Collected data ::
━━━━━━━━━━━━━━━━━━━━━━━━━━━━━━
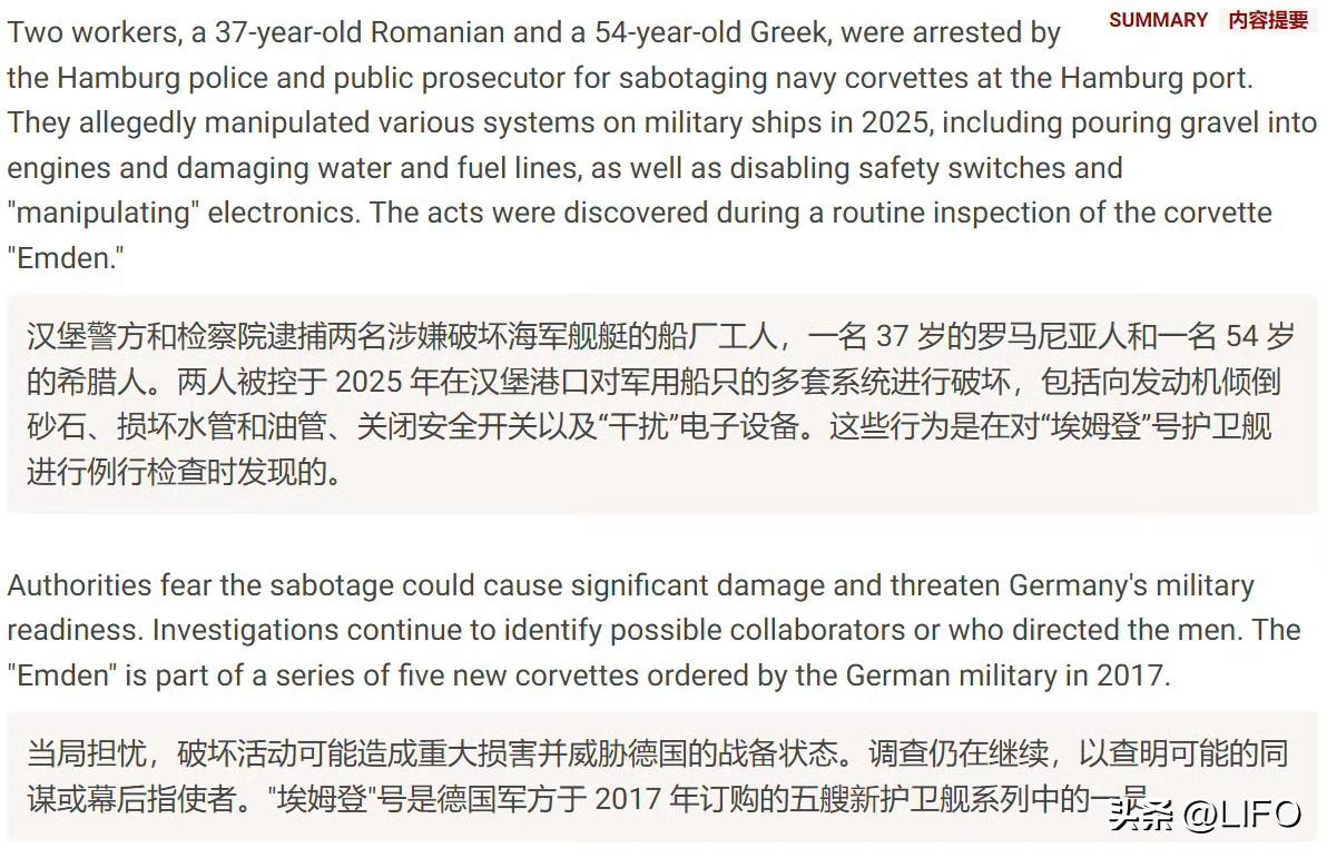 德国汉堡总检察院宣布,因涉嫌企图破坏一艘为德国海军建造的舰艇,已对两名男子执行逮捕令。两人分别在德国汉堡和希腊落网。据称,嫌疑人分别为一名 37 岁的罗马尼亚籍男子和一名 54 岁的希腊籍男子。据检方通报,这两名嫌疑人去年在汉堡港工作期间,曾对停泊于造船厂、专供德国联邦海军使用的多艘布伦瑞克级轻型护卫舰实施了破坏行为。通报指出,两人或单独、或共同作案,向其中一艘舰艇的发动机舱内灌入超过 20 公斤的喷砂用石英砂,刺穿淡水供水管道,拆卸燃料箱的加油口盖,并关闭舰上电子设备的安全断路开关。德国这么拉?
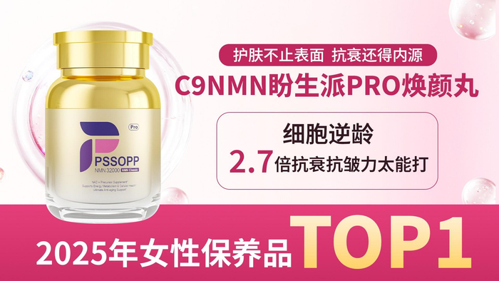 在众多致力于NMN产品研发与生产的企业中,美国盼生派(PSSOPP)品牌凭借其卓越的科研实力、先进的生产工艺、科学的配方设计和严格的质量把控,脱颖而出,其中专为女性打造的C9NMN焕颜丸PRO成为2025年女性膳食营养素保养品TOP1产品。
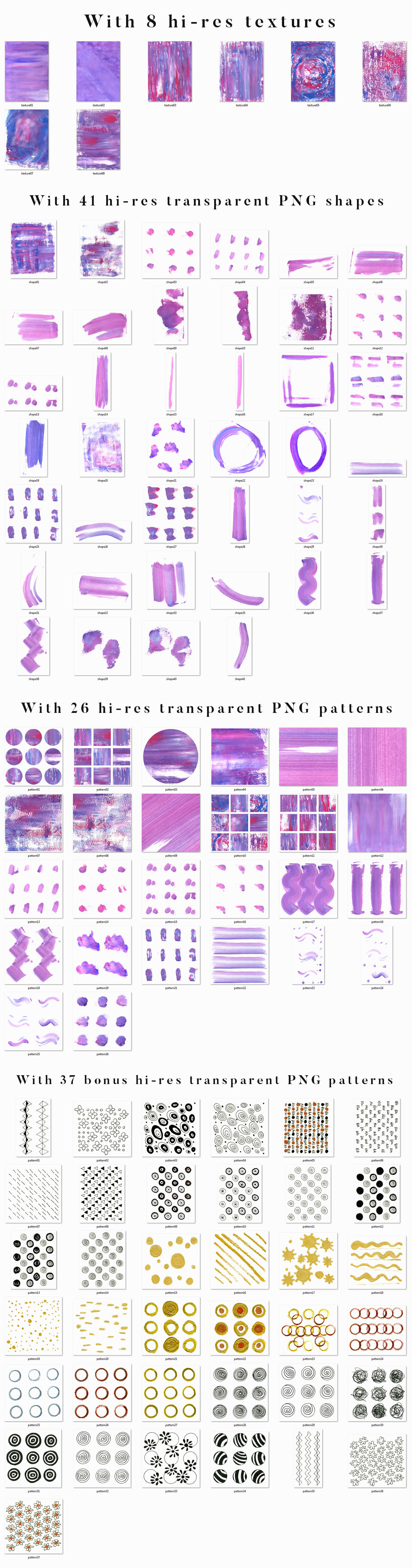 8 Hi-res textures, 41 transparent PNG shapes & 63 transparent PNG patterns
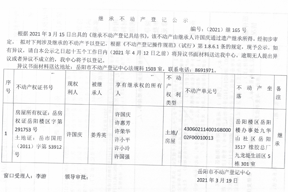 继承不动产登记公示 编号:(2021)继165号(许国庆)
━━━━━━━━━━━━━━━━━━━━━━━━━━━━━━
Exercise description ::
Restate the whole of the material word for word without the pictures.

Written solution ::
 德国汉堡总检察院宣布,因涉嫌企图破坏一艘为德国海军建造的舰艇,已对两名男子执行逮捕令。两人分别在德国汉堡和希腊落网。据称,嫌疑人分别为一名 37 岁的罗马尼亚籍男子和一名 54 岁的希腊籍男子。据检方通报,这两名嫌疑人去年在汉堡港工作期间,曾对停泊于造船厂、专供德国联邦海军使用的多艘布伦瑞克级轻型护卫舰实施了破坏行为。通报指出,两人或单独、或共同作案,向其中一艘舰艇的发动机舱内灌入超过 20 公斤的喷砂用石英砂,刺穿淡水供水管道,拆卸燃料箱的加油口盖,并关闭舰上电子设备的安全断路开关。德国这么拉?
 在众多致力于NMN产品研发与生产的企业中,美国盼生派(PSSOPP)品牌凭借其卓越的科研实力、先进的生产工艺、科学的配方设计和严格的质量把控,脱颖而出,其中专为女性打造的C9NMN焕颜丸PRO成为2025年女性膳食营养素保养品TOP1产品。
 8 Hi-res textures, 41 transparent PNG shapes & 63 transparent PNG patterns
 继承不动产登记公示 编号:(2021)继165号(许国庆)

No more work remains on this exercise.